Выбрать главу

И все же самые смелые мнения нашли способ свободно выразить себя благодаря практике disputatio (излагать) и quodlibet (все и вся). Эти упражнения являлись настоящими ораторскими поединками, которые оттачивали интеллектуальную ловкость участников, в духе полной свободы, напоминающей акробатику греческих софистов. Диспут был более структурирован: его организовывал преподаватель, который заранее объявлял, что в такой-то и такой-то день в такое-то и такое-то время под его руководством будет обсуждаться такой-то вопрос. Все студенты и бакалавры соответствующего факультета обязаны были присутствовать, но диспут являлся публичным, открытым для всех, и на нем могли присутствовать многие священнослужители и прелаты. После изложения темы преподавателем, бакалавры, затем студенты представляют свои возражения; в disputatio in studio sollempni (официальном обсуждении) каждый мог попросить слова, и обмен мнениями иногда бывал очень оживленным. Устав 1339 года гласил, что для того, чтобы положить конец невежливости и агрессивности, необходимо попросить слова, прежде чем высказаться, и что те, кто отказывается покинуть зал по требованию председателя, будут наказаны. В конце преподаватель собирал все аргументы и подводил итог, это и было определением, которое, по сути, являлось изложением доктрины, защищаемой преподавателем. Конечно, это была очень ортодоксальная доктрина, но во время дебатов можно было услышать мнения, которые были гораздо менее ортодоксальными.
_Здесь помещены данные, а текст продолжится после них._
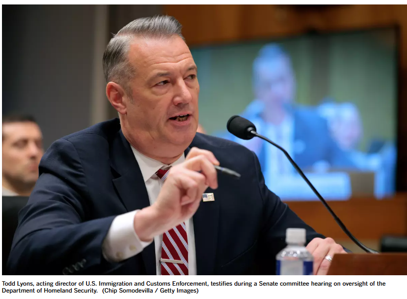 国土安全部长:ICE代理局长托德·莱昂斯将于5月底辞职

Свободный диспут по каким-угодно вопросам заходил еще дальше. Это было похоже на интеллектуальный поединок, эквивалент рыцарского: дважды в год преподаватель мог объявить, что в такой-то и такой-то день в таком-то и таком-то месте он будет разбирать проблему, "поставленную любым человеком по любому вопросу" (de quodlibet ad voluntatem cujuslibet). Это было опасным занятием, которое мсье Глорье в своей работе La Littérature quodlibétique (Литература свободного диспута) описывает следующим образом: "В свободном диспуте каждый может поднять любую проблему. И в этом заключается большая опасность для преподавателя, который его ведет. Вопросы и возражения могут поступать со всех сторон, враждебные, любопытные или злобные — неважно. Его могут спрашивать из лучших побуждений, чтобы узнать его мнение; но его могут попытаться заставить противоречить самому себе или вынудить высказать свое мнение на скользкие темы, которые он предпочел бы не обсуждать. Иногда это будет любопытный незнакомец или беспокойный ум; иногда это будет ревнивый соперник или коллега, который попытается поставить его в неловкое положение. Иногда проблемы будут ясными и интересными, иногда вопросы будут неоднозначными, и преподавателю будет трудно уловить их точный объем и истинный смысл. Некоторые откровенно ограничатся чисто интеллектуальной сферой; другие будут преследовать в основном политические или порочащие скрытые мотивы… Поэтому от человека, желающего вести свободный диспут, требуется необычное присутствие духа и почти универсальная компетентность". Именно так можно было обсуждать такие смелые вопросы, как существование Бога, вечность мира, бессмертие души или девственность Девы Марии, отголоски которых можно найти в высказываниях, приписываемых Бонифацию VIII. Диалектическая ловкость преподавателя должна была позволять ему рассматривать все вопросы в ортодоксальной манере, но несомненно, что эти дебаты стимулировали критическое мышление и бросали вызов официальным доктринам.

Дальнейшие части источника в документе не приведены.